◆ Requirement
Look below for the line holding "- Features tough" and the line holding "10月23日,工人在重慶市豐". Repeat those two and everything between, exactly.

◆ Data for review
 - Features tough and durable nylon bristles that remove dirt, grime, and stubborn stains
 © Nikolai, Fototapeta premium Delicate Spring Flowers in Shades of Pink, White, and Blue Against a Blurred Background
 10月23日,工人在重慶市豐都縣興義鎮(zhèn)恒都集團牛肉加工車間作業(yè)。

==

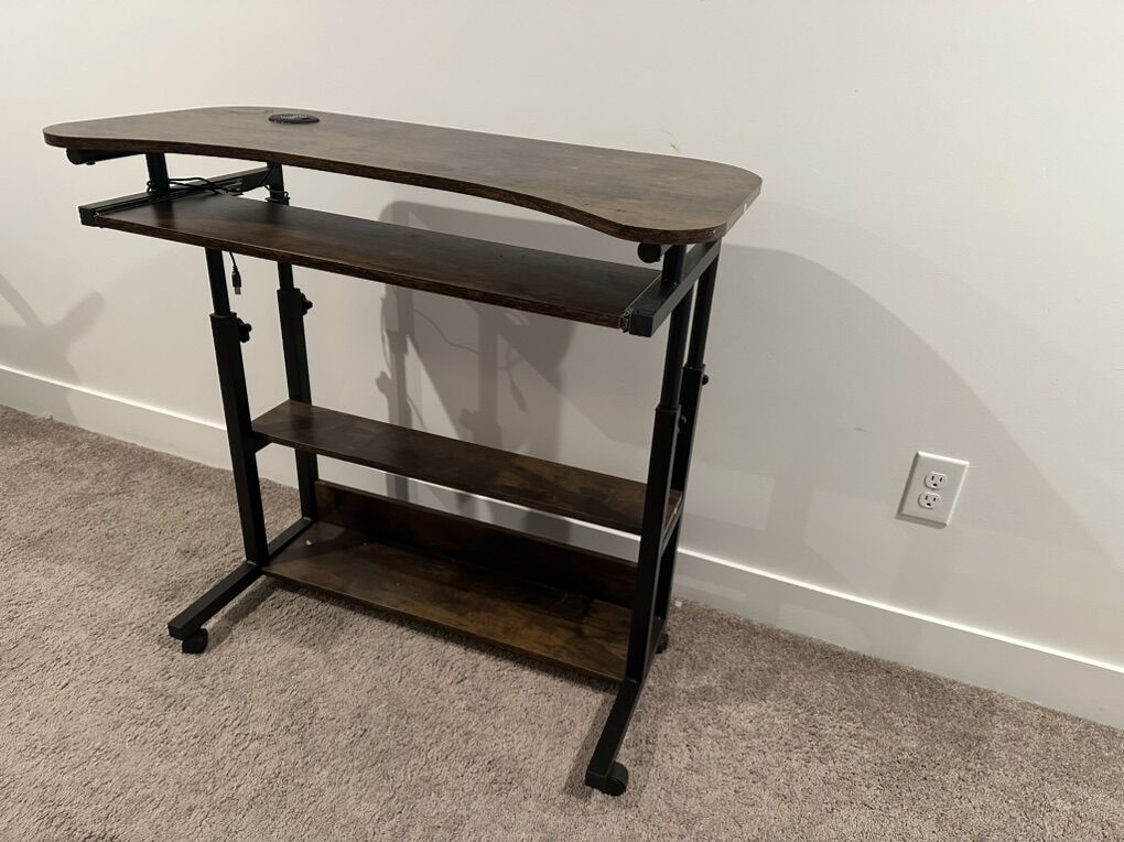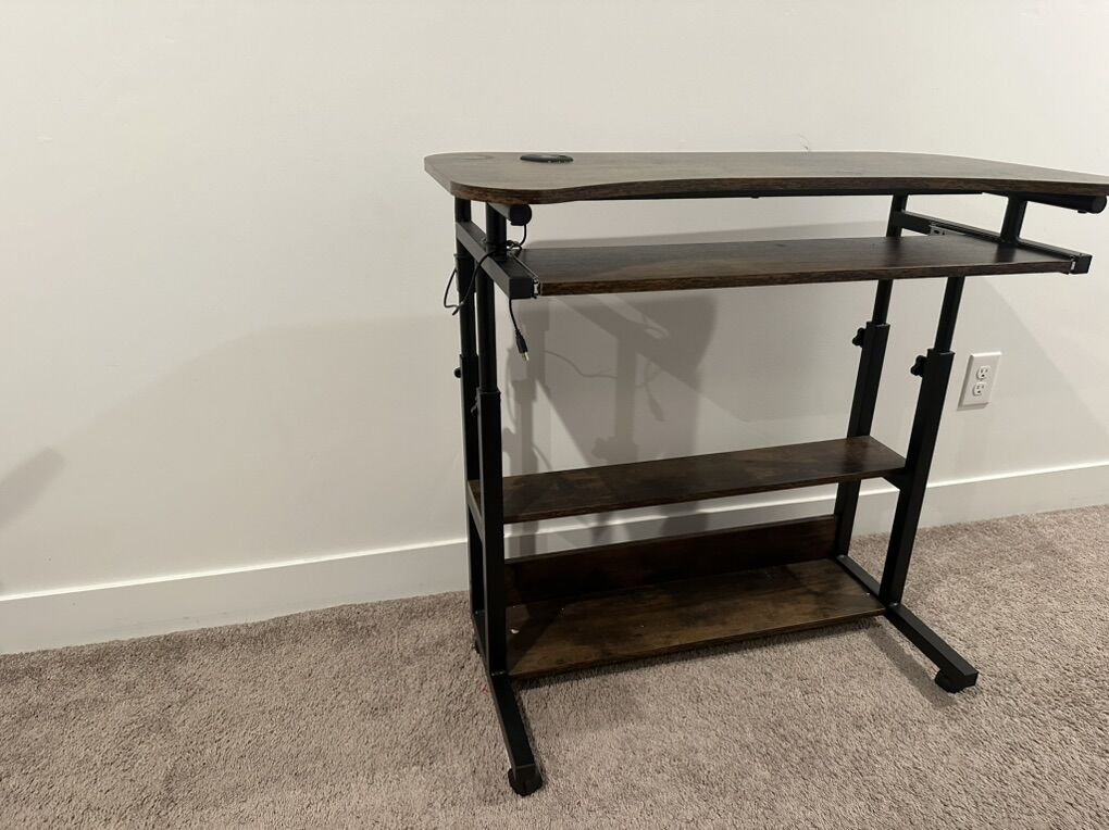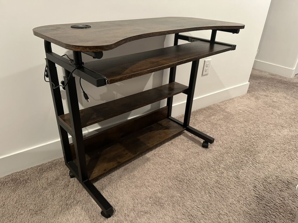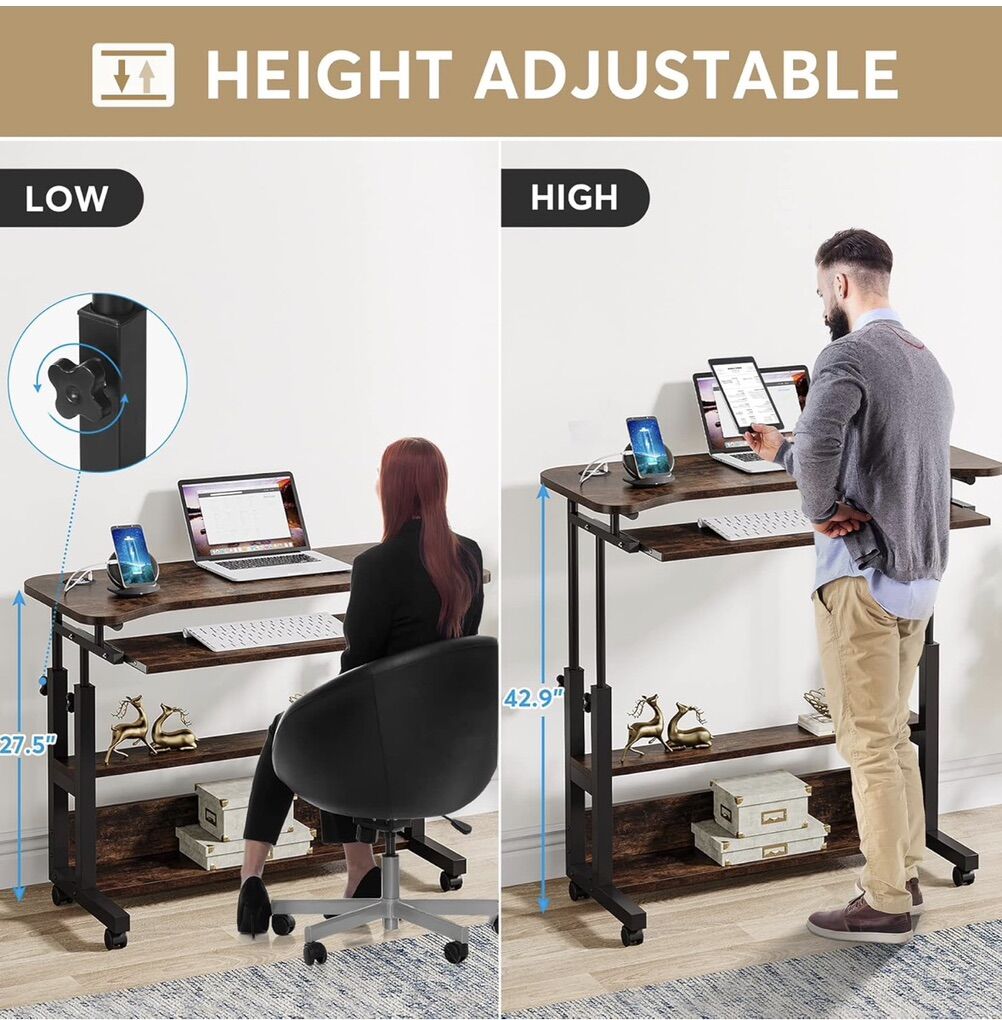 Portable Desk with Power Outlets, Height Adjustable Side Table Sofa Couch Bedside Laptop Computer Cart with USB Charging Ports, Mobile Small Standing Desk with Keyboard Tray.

◆ The answer
 - Features tough and durable nylon bristles that remove dirt, grime, and stubborn stains
 © Nikolai, Fototapeta premium Delicate Spring Flowers in Shades of Pink, White, and Blue Against a Blurred Background
 10月23日,工人在重慶市豐都縣興義鎮(zhèn)恒都集團牛肉加工車間作業(yè)。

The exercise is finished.